The input:
Content starts

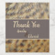 These wedding wine bottle labels feature an animal print photo of female duck feathers. The beautiful gold and dark brown spotted feathers curve and flow vertically on this simple to use bottle label. A solid tan and grey banner in the centre provides the background for the bride and groom's names and the words "thank you". All text can quickly be personalised.
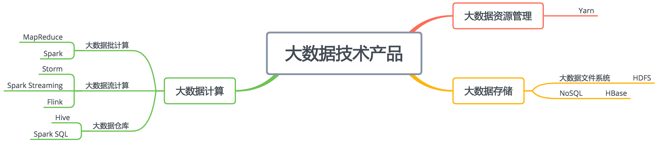 MapReduce、Spark、Hive、Spark SQL这些技术主要用来解决离线大数据的计算,也就是针对历史数据进行计算分析,比如针对一天的历史数据计算,一天的数据是一批数据,所以也叫批处理计算。而Storm、Spark Streaming、Flink这类的大数据技术是针对实时的数据进行计算,比如摄像头实时采集的数据、实时的订单数据等,数据实时流动进来,所以也叫流处理大数据技术。
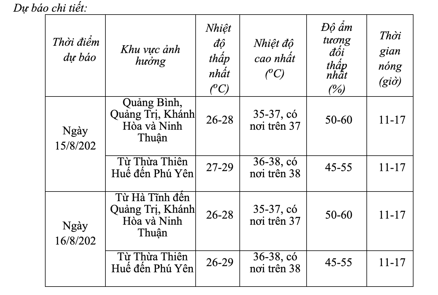 Dự báo, ngày15 – 16.8, ở khu vực từ Hà Tĩnh đến Ninh Thuận có nắng nóng, có nơi nắng nóng gay gắt với nhiệt độ cao nhất phổ biến 35 – 37 độ C, có nơi trên 37 độ C; riêng khu vực từ Thừa Thiên – Huế đến Phú Yên có nắng nóng và nắng nóng gay gắt với nhiệt độ phổ biến 36 – 38 độ C, có nơi trên 38 độ C. Độ ẩm tương đối thấp nhất phổ biến 45 – 60%.
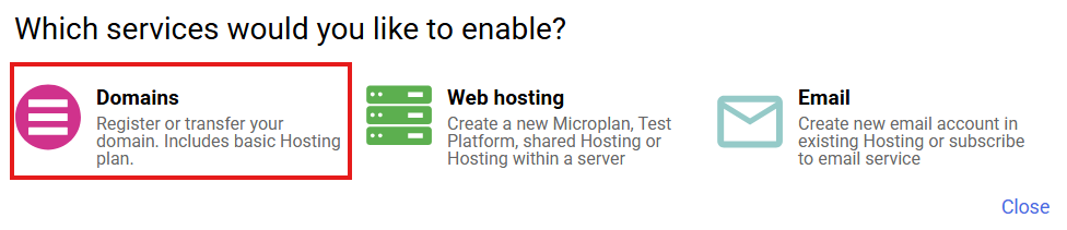 In the “New service registration” option, choose Domains.
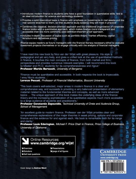 'An excellent guide to modern finance. Professor van der Wijst provides clear and comprehensive explanations of the major theories in asset pricing, options, and corporate finance and the evidence for and against each. His book is remarkable both for its range and clarity.' Louis Ederington, Michael F. Price Chair in Finance, University of Oklahoma
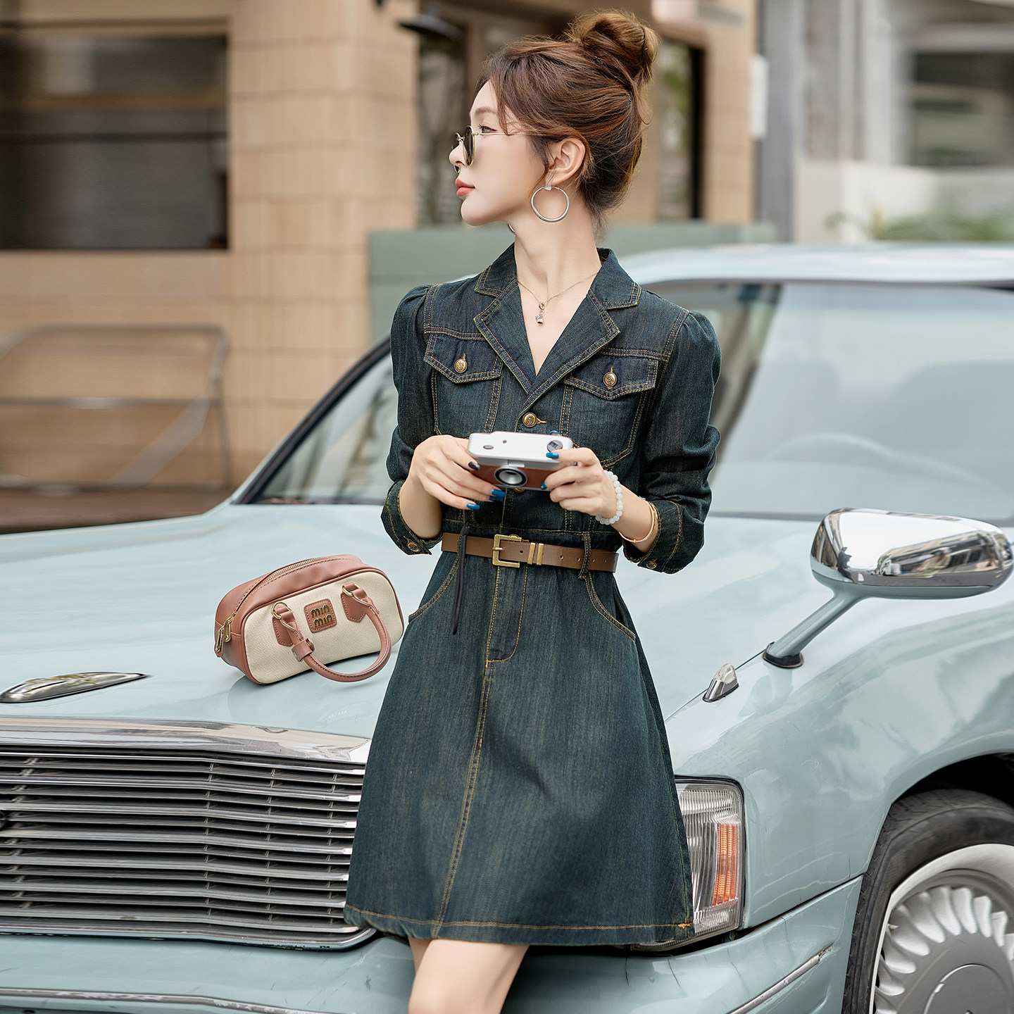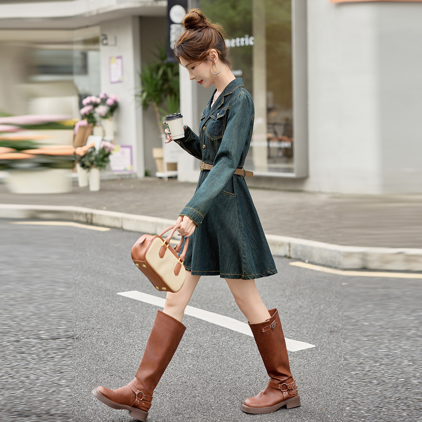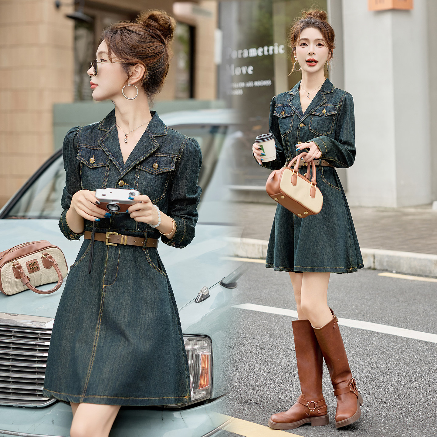 2025早春秋新款轻奢高级感长袖牛仔连衣裙显瘦小个子高腰A字裙子
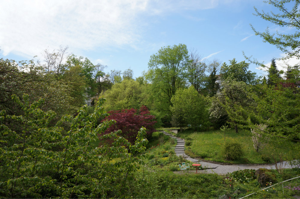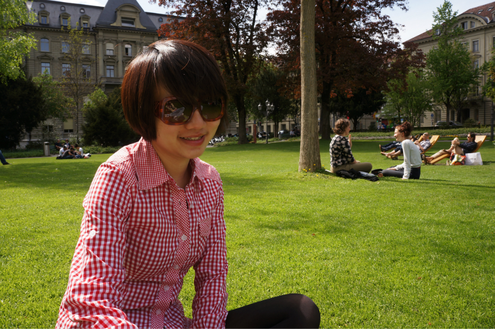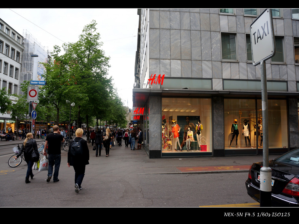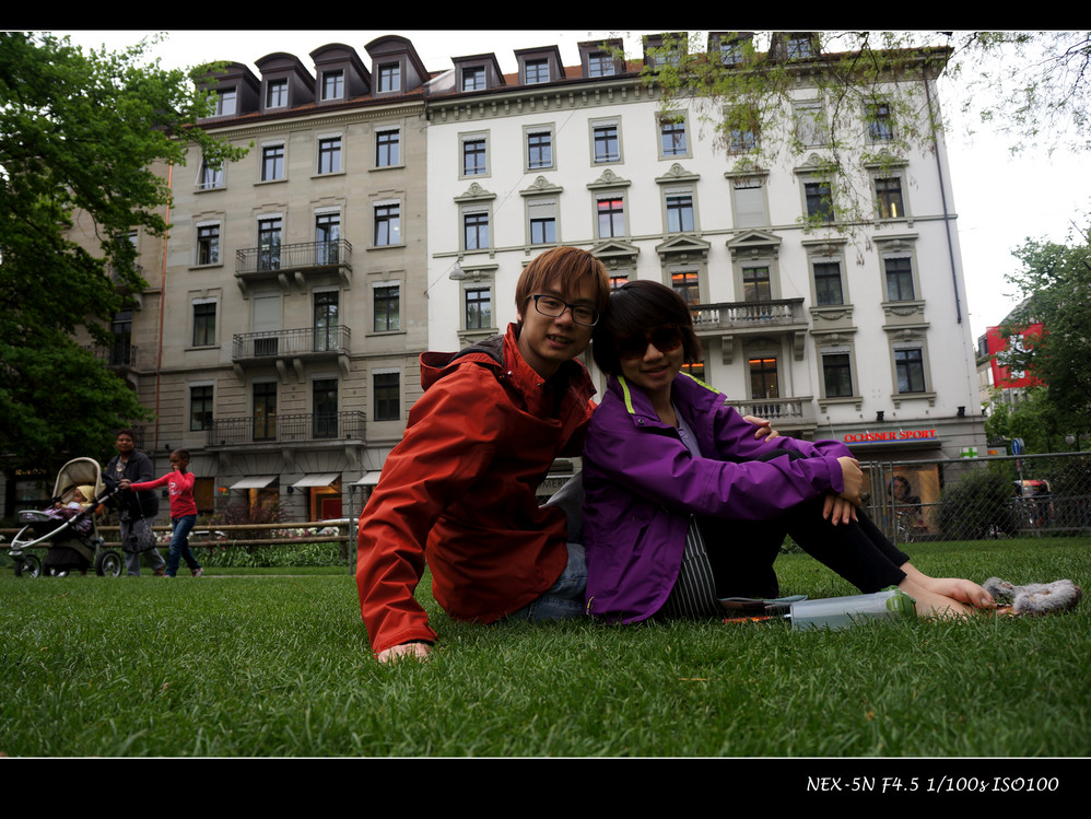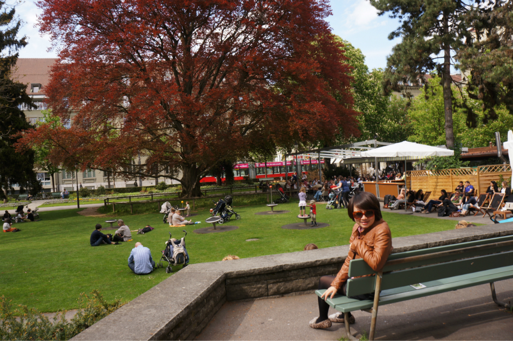 在苏黎世 最著名的班霍夫 斯大街 我们坐在草坪上休息

Content ends

Write the data above out again exactly, minus its pictures.

 These wedding wine bottle labels feature an animal print photo of female duck feathers. The beautiful gold and dark brown spotted feathers curve and flow vertically on this simple to use bottle label. A solid tan and grey banner in the centre provides the background for the bride and groom's names and the words "thank you". All text can quickly be personalised.
 MapReduce、Spark、Hive、Spark SQL这些技术主要用来解决离线大数据的计算,也就是针对历史数据进行计算分析,比如针对一天的历史数据计算,一天的数据是一批数据,所以也叫批处理计算。而Storm、Spark Streaming、Flink这类的大数据技术是针对实时的数据进行计算,比如摄像头实时采集的数据、实时的订单数据等,数据实时流动进来,所以也叫流处理大数据技术。
 Dự báo, ngày15 – 16.8, ở khu vực từ Hà Tĩnh đến Ninh Thuận có nắng nóng, có nơi nắng nóng gay gắt với nhiệt độ cao nhất phổ biến 35 – 37 độ C, có nơi trên 37 độ C; riêng khu vực từ Thừa Thiên – Huế đến Phú Yên có nắng nóng và nắng nóng gay gắt với nhiệt độ phổ biến 36 – 38 độ C, có nơi trên 38 độ C. Độ ẩm tương đối thấp nhất phổ biến 45 – 60%.
 In the “New service registration” option, choose Domains.
 'An excellent guide to modern finance. Professor van der Wijst provides clear and comprehensive explanations of the major theories in asset pricing, options, and corporate finance and the evidence for and against each. His book is remarkable both for its range and clarity.' Louis Ederington, Michael F. Price Chair in Finance, University of Oklahoma
 2025早春秋新款轻奢高级感长袖牛仔连衣裙显瘦小个子高腰A字裙子
 在苏黎世 最著名的班霍夫 斯大街 我们坐在草坪上休息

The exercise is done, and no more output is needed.